17读者将在 Dorogovtsev、Mendes 和 Samukhin (2001a) 中找到这些计算的详细信息。
18Broder、Kumar、Maghoul、Raghavan、Rajagopalan、Stata、Tomkins 和 Wiener (2000) 于 1999 年 5 月首次测量了 WWW 中的连接密度，发现顶点的平均入度和出度相等，为 7.22。当他们在 1999 年 10 月重复测量时，平均入度和出度已经7.85.

## MATLAB代写

MATLAB 是一种用于技术计算的高性能语言。它将计算、可视化和编程集成在一个易于使用的环境中，其中问题和解决方案以熟悉的数学符号表示。典型用途包括：数学和计算算法开发建模、仿真和原型制作数据分析、探索和可视化科学和工程图形应用程序开发，包括图形用户界面构建MATLAB 是一个交互式系统，其基本数据元素是一个不需要维度的数组。这使您可以解决许多技术计算问题，尤其是那些具有矩阵和向量公式的问题，而只需用 C 或 Fortran 等标量非交互式语言编写程序所需的时间的一小部分。
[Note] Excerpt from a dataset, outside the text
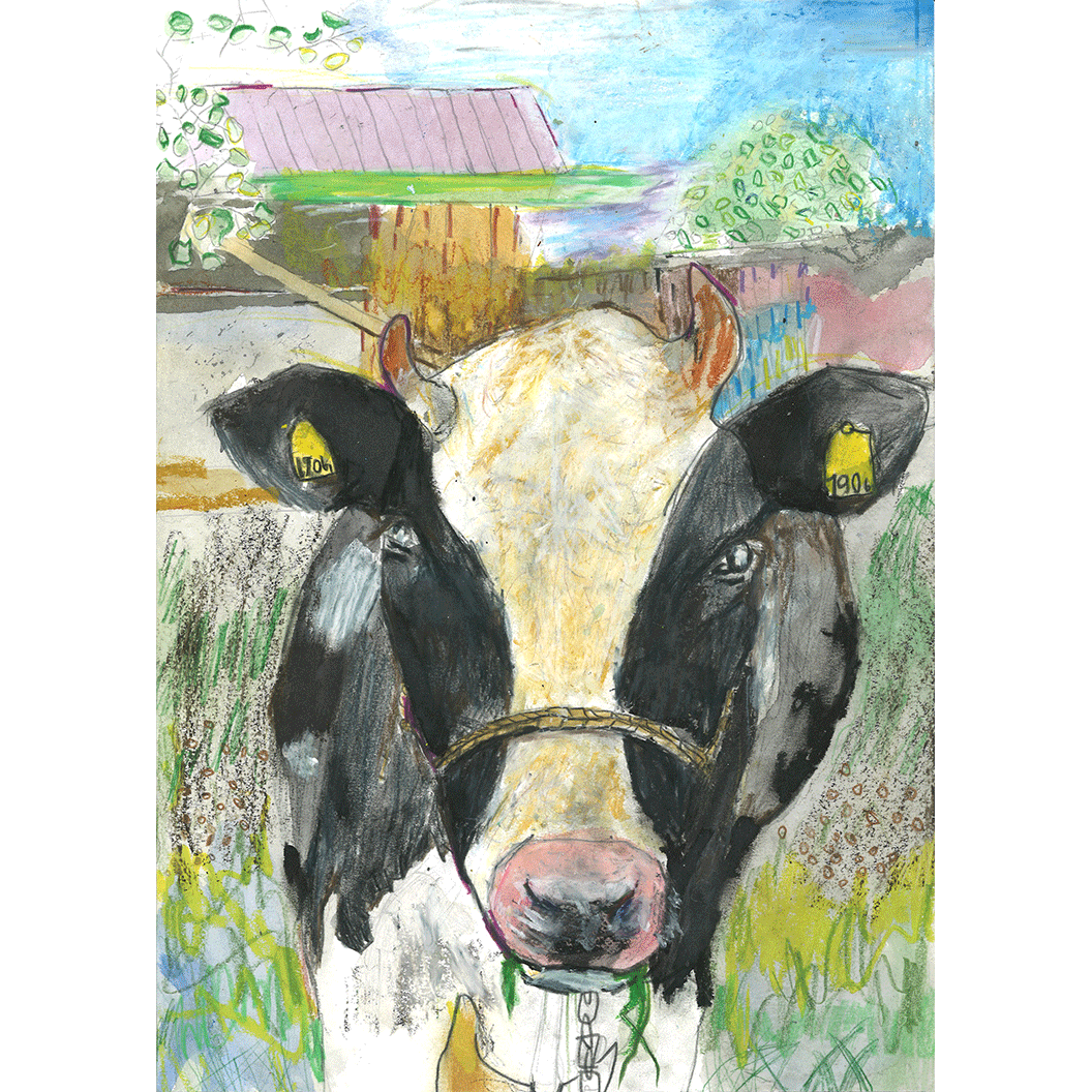 まずとてもインパクトがあります。そしてコメントにある、「こっちにおいで」と言ったら本当に近づいてきてびっくりした。という様子の情景が、描かれた作品を見ているこちら側が体験しているくらいよくわかる作品です。なぜこんなに牛さんの迫力を感じるのかというと、技法で言うとみつきさんの目で見ていて一番近い牛さんのお鼻やそこから目にかかる部分をよく描いていて眉間の毛のうねりなんかもよく描いているからです。牛さんのお顔以外をざっくりと描くことで、牛さんの顔がよりひきたって「ぐいっ!」と近づいている感じがします。また背景の色使いも爽やかで嬉しい近づきであることがわかり、動物に対する温かな気持ちも感じ取れます。色彩感覚もとても豊かだと思います。

MATLAB 名称代表矩阵实验室。MATLAB 最初的编写目的是提供对由 LINPACK 和 EISPACK 项目开发的矩阵软件的轻松访问，这两个项目共同代表了矩阵计算软件的最新技术。MATLAB 经过多年的发展，得到了许多用户的投入。在大学环境中，它是数学、工程和科学入门和高级课程的标准教学工具。在工业领域，MATLAB 是高效研究、开发和分析的首选工具。MATLAB 具有一系列称为工具箱的特定于应用程序的解决方案。对于大多数 MATLAB 用户来说非常重要，工具箱允许您学习应用专业技术。工具箱是 MATLAB 函数（M 文件）的综合集合，可扩展 MATLAB 环境以解决特定类别的问题。可用工具箱的领域包括信号处理、控制系统、神经网络、模糊逻辑、小波、仿真等。